Abandoned Wal-Mart store in Oskaloosa, Iowa courtesy of flickr
Wal-Mart is abandoning the U.S., more like it.Last night, PBS re-ran Frontline's November 2004 report "Is Wal-Mart Good for America?", a program worth revisiting. It shows how Wal-Mart's business practices are tied to globalization and international trade, and how it has sold out the American Dream for corporate profit.
Also covered in the program is Wal-Mart's forcing of the hand of a new corporate ethic: instead of the high value, high innovation differentiator -- which had been the reputation of the United States for a long time (speaking from my immigrant background) -- Wal-Mart's playing the lowest price, lowest cost differentiator. Also, Wal-Mart's influence on national economic development in China is phenomenal, but not at a net benefit to the US. Just goes to show that those who dismiss the link between city planning and internationalism are missing some key indicators.

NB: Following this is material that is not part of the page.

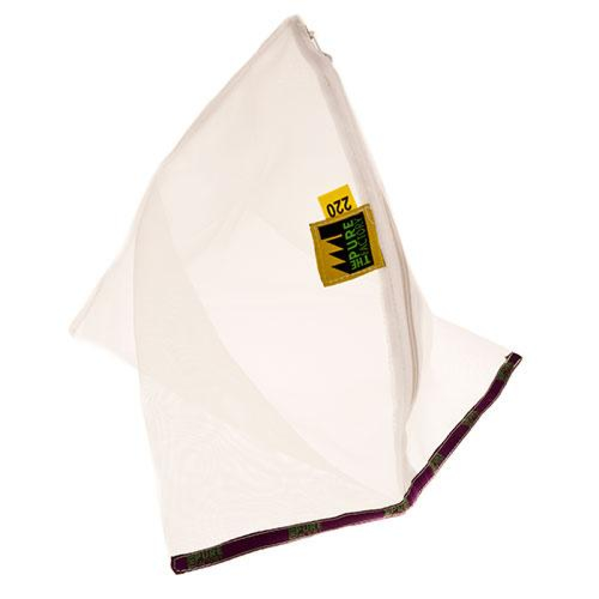Sac filtrant Pyramid Bag de 220 microns Pure Factory. C’est le sac de travail principal utilisé pour contenir la matière végétale lors de l’extraction à l’eau glacée.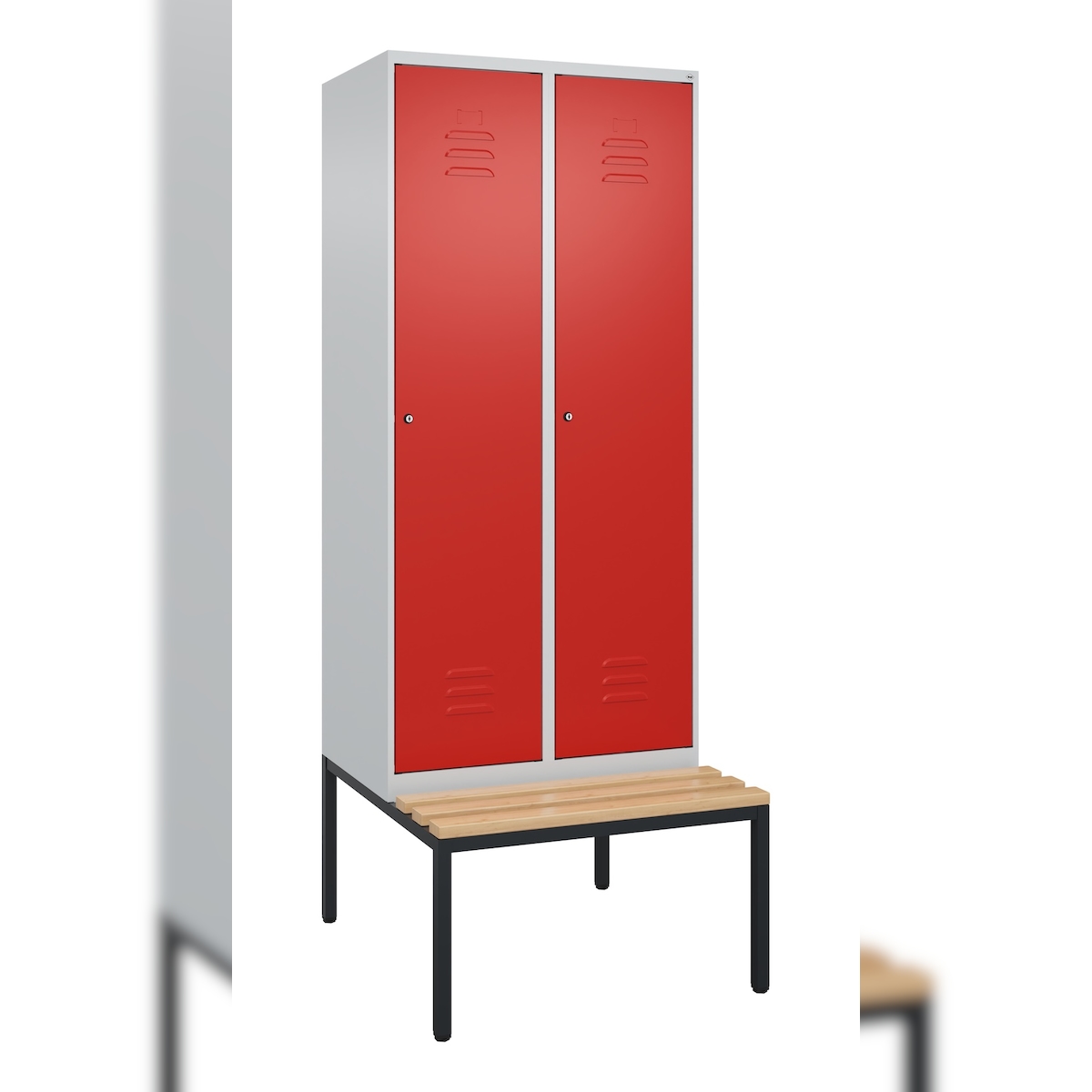 C+P Spind Classic PLUS, Kunststoff schwebende Sitzbank, 1 Abteil, HxBxT 212x40x82cm, Sicherheitsdrehriegel, Hellgrau/Rubinrot von PROREGAL

The Frontline report was a good follow-up to the viewing of The High Cost of Low Price over the holidays. Despite the poor execution (I wish I didn't have to say so, though many thanks to the volunteer film crews, check out the story behind the movie to see what I mean), the film had enough facts and data to make me believe even more strongly that Wal-Mart is systematically destroying the social, economic and built environment that has made this country. The anecdote that stayed with me is told by one city manager. Essentially, Wal-Mart has enough start-up capital that it never has to respect the term limits of its tax abatements: all it needs to do once it has reached its term limit is to shut down the old store and build a new one just beyond the taxable border. Just beyond is fine...Wal-Mart'll seal a deal with the neighboring town to suck it dry and not pay taxes.
Those poor city managers. The city manager said he had no choice: either he accepts Wal-Mart's terms, or Wal-Mart will go and build its store just outside the town border and suck the town dry anyway, without any of the meager residual benefit it gives within town limits. There's the datapoint floating around that there are around 300 abandoned Wal-Mart stores in the US.